Little Data Analytics
For years, the mantra in the world of business software and enterprise IT has been “data is the new gold.” The idea was that companies of nearly every shape and size across every industry imaginable were essentially sitting on top of buried treasure that was just waiting to be tapped into. All they needed to do was to dig into the correct vein of their business data trove, and they would be able to unleash valuable insights that could unlock hidden business opportunities, new sources of revenue, better efficiencies, and much more.
Big software companies like IBM, Oracle, SAP, and many more all touted these visions of data grandeur and turned the concept of big data analytics, or just big data, into everyday business nomenclature.

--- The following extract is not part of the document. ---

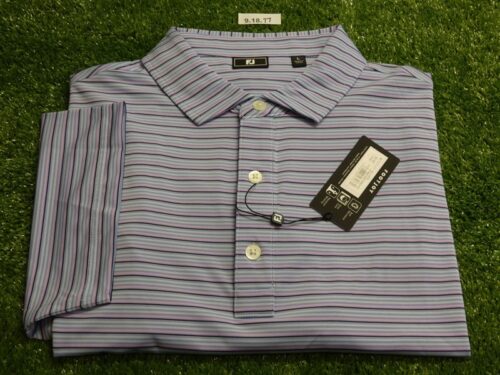 FootJoy Mens Multi-Stripe Lisle Polo Golf Shirt Perwinkle/Orchid/Ice Large 35143

Even now, analytics is also playing an important role in the Internet of Things (IoT), on both the commercial and industrial side, as well as on the consumer side. On the industrial side, companies are working to mine various datastreams for insights into how to improve their processes, while consumer-focused analytics show up in things like health and fitness data linked to wearables, and will soon be a part of assisted and autonomous driving systems in our cars.
Of course, the everyday reality of these grand ideas hasn’t always lived up to the hype. While there certainly have been many great success stories of companies reducing their costs or figuring out new business models, there are probably an equal (though unreported) number of companies that tried to find the gold in their data—and spent a lot of money doing so—but came up relatively empty.
The truth is, analytics is hard, and there’s no guarantee that analyzing huge chunks of data is going to translate into meaningful insights. Challenges may arise from applying the wrong tools to a given job, not analyzing the right data, or not even really knowing exactly what to look for in the first place. Regardless, it’s becoming clear to many organizations that a decade or more into the “big data” revolution, not everyone is hitting it rich.
Part of the problem is that some of the efforts are simply too big—at several different levels. Sometimes the goals are too grandiose, sometimes the datasets are too large, and sometimes the valuable insights are buried beneath a mound of numbers or other data that just really isn’t that useful. Implicit in the phrase “big data,” as well as the concept of data as gold, is that more is better. But in the case of analytics, a legitimate question worth considering: Is more really better?
In the world of IoT, for example, many organizations are realizing that doing what I call “little data analytics” is actually much more useful. Instead of trying to mine through large datasets, these organizations are focusing their efforts on a simple stream of sensor-based data or other straightforward data collection work. For the untold number of situations across a range of industries where these kinds of efforts haven’t been done before, the results can be surprisingly useful. In some instances, these projects create nothing more than a single insight into a given process for which companies can quickly adjust—a “one and done” type of effort—but ongoing monitoring of these processes can ensure that the adjustments continue to run efficiently.
Of course, it’s easy to understand why nobody really wants to talk about little data. It’s not exactly a sexy, attention-grabbing topic, and working with it requires much less sophisticated tools—think Excel spreadsheet (or the equivalent) on PC, for example. The analytical insights from these “little data” efforts are also likely to be relatively simple. However, that doesn’t mean they are less practical and valuable to an organization. In fact, building up a collection of these little data analytics could prove to be exactly what many organizations need. Plus, they’re the kind of results that can help justify the expenses necessary for companies to start investing in IoT efforts.
To be fair, not all applications are really suited for little data analytics. Monitoring the real-time performance of a jet engine or even a moving car involves a staggering amount of data that’s going to continue to require the most advanced computing and big data analytics tools available.
But to get more real-world traction for IoT-based efforts, companies may want to change their approach to data analytics efforts and start thinking small.